━━━━━ DATA

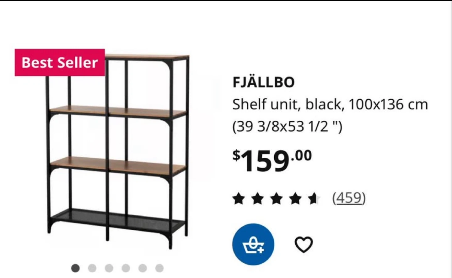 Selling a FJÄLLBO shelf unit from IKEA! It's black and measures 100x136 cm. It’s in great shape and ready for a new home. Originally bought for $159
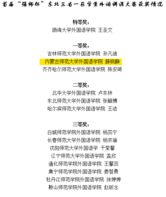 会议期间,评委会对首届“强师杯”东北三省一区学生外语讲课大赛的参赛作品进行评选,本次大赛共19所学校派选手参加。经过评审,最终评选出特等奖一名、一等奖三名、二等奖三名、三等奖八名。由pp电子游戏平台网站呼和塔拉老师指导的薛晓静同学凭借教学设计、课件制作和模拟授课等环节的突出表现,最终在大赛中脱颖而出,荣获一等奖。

━━━━━━━━━━
━━━━━ DATA

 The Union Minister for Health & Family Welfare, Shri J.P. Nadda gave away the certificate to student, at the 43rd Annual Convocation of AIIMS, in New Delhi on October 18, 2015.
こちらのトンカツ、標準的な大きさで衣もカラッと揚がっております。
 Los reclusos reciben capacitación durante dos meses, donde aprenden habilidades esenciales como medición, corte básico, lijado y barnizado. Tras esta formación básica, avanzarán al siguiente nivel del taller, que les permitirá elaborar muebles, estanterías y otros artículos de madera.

━━━━━━━━━━
━━━━━ DATA

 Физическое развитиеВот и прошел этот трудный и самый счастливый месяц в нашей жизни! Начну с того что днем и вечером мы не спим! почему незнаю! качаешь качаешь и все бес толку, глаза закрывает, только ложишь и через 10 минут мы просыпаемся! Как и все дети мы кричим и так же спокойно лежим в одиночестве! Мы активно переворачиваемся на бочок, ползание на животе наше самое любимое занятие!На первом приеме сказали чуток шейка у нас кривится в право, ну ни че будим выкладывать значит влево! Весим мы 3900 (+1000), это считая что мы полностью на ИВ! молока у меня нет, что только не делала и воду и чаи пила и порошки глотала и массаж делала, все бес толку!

━━━━━━━━━━

*EXERCISE AIM*:
Beginning with the line above that contains "The Union Minister", copy each line exactly up to and including the line that contains "Los reclusos reciben", and go no further.

*RESPONSE BELOW*:
 The Union Minister for Health & Family Welfare, Shri J.P. Nadda gave away the certificate to student, at the 43rd Annual Convocation of AIIMS, in New Delhi on October 18, 2015.
こちらのトンカツ、標準的な大きさで衣もカラッと揚がっております。
 Los reclusos reciben capacitación durante dos meses, donde aprenden habilidades esenciales como medición, corte básico, lijado y barnizado. Tras esta formación básica, avanzarán al siguiente nivel del taller, que les permitirá elaborar muebles, estanterías y otros artículos de madera.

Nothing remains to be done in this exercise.